Nexen is active in Colombia, Yemen, the North Sea and the United States as well as in Canada, and the majority of its production and cash flow come from outside Canada.

"This is a friendly deal ... there is a great deal of forethought given to the kind of presence in Canada that the government is seeking," added a source close to the deal.

"The (Canadian) government tends to look for generation of economic activity in these deals. If that's the gauge - generation of activity and development - then this is a pretty compelling proposition."

Canadian Prime Minister Stephen Harper went to Beijing in February, partly in a bid to sell Canadian oil to China, and he stressed the need to diversify markets and reduce reliance on the US.

Without foreign money, development of the oil sands would lag, the Canadian government says.

Even so, Chinese investment in Canadian energy firms is sensitive politically.

The deal is subject to two separate Canadian reviews, from the Competition Bureau and from Industry Minister Christian Paradis, who must decide whether to permit the deal or block it, either on national security grounds or because it is not of "net benefit" to Canada.

Peter Morici, professor at the Robert H. Smith School of Business - University of Maryland and a hawk on China's trade policies, said that Canadians have always been worried about American influence and American hegemony, but that "they'll worry a lot more about China being dominant than they ever did the Americans".

Shares in CNOOC fell the most in two months in Hong Kong trading on concern China's largest offshore oil and natural-gas explorer is overpaying in the $15.1 billion acquisition.

CNOOC shares dropped 4 percent to HK$14.82 ($1.91), the most since May 7, while the benchmark Hang Seng Index slipped 0.8 percent.

The transaction, including $2.8 billion of net debt, is 20 percent more than the $14.9 billion value of Nexen's assets, based on the Calgary-based company's proven and probable reserves, said Laban Yu, an analyst at Jefferies Hong Kong Ltd.

He said that CNOOC is paying a premium to boost China's energy security and avoid repeating its failed $19 billion bid for California-based Unocal Corp in 2005.

Meanwhile, the Nexen takeover is already drawing notice in US Congress, where Republicans have been pushing US President Barack Obama's Democratic administration to approve the Keystone XL oil pipeline from Canada.

Representative Lee Terry of Nebraska, of the House Energy and Commerce Committee, has presented a bill said to allow construction of the pipeline without a required "presidential permit".

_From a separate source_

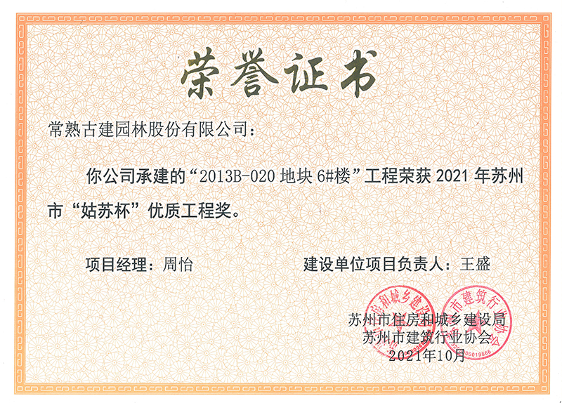 2021年度蘇州市"姑蘇杯"優(yōu)質(zhì)工程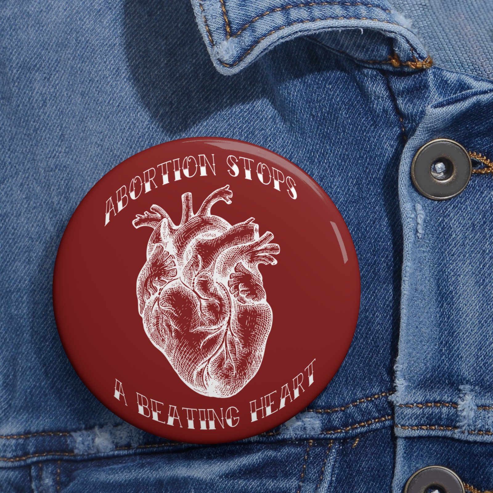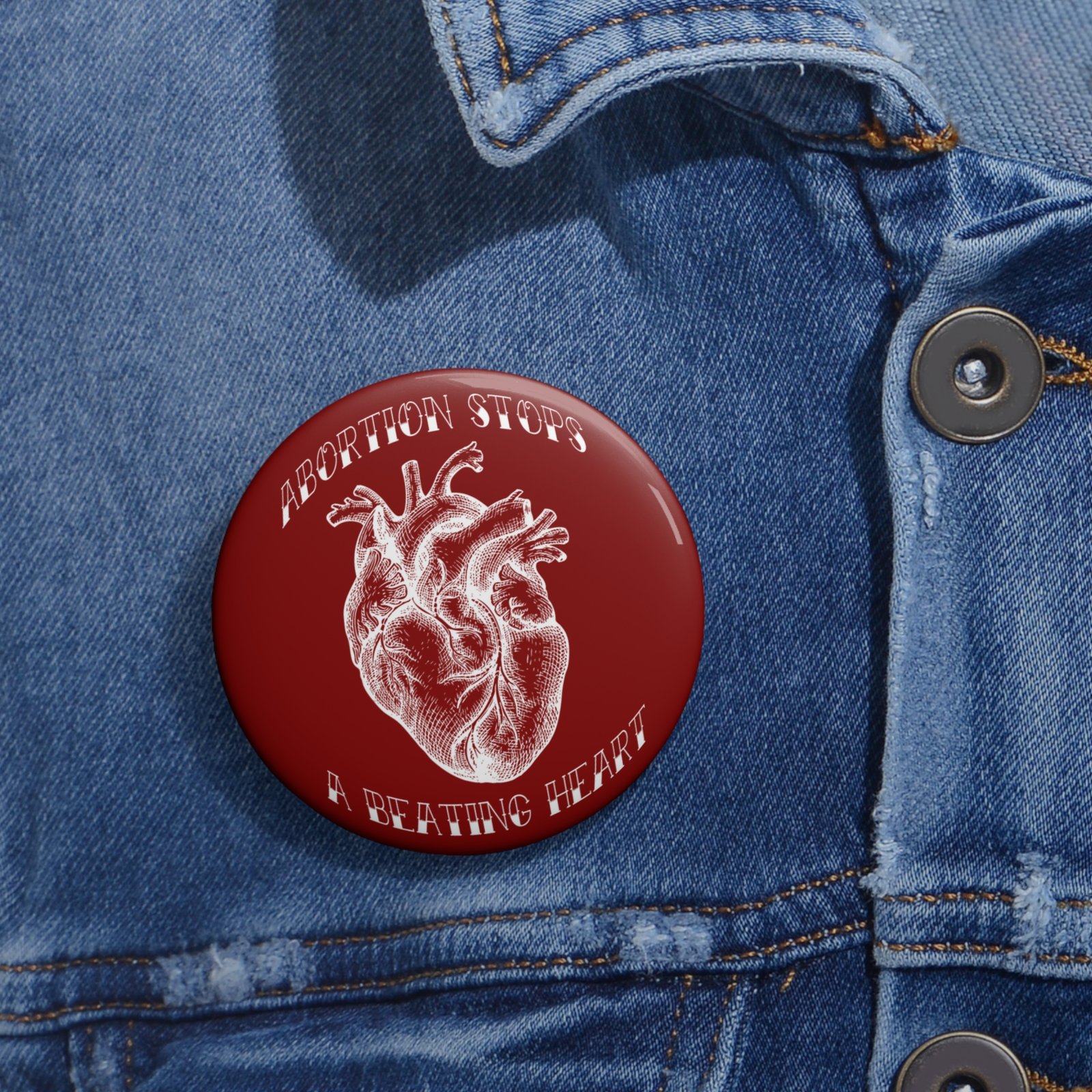 Rock For Life – Abortion Stops A Beating Heart Pin Buttons (Red)

Keystone XL was proposed as a 1,700-mile (2,735-kilometer) pipeline stretching from Alberta's tar sands to the US Gulf of Mexico coast.

Pipeline sponsor TransCanada Corp can't proceed unless the project gets a green light from the Obama administration to build across the US-Canada border.

The US State Department has said it will decide by early 2013 whether to approve TransCanada's plans for the northern portion of the pipeline.

Keystone supporters have argued that Canada will look for alternatives - including possible deals with Chinese energy companies - to shipping its oil from the tar sands if the US doesn't give permission for the pipeline to proceed south toward the Gulf.

Opponents, who say the pipeline's environmental risks outweigh the relatively small number of jobs it will create, argue that any Canadian oil flowing south will only be exported overseas.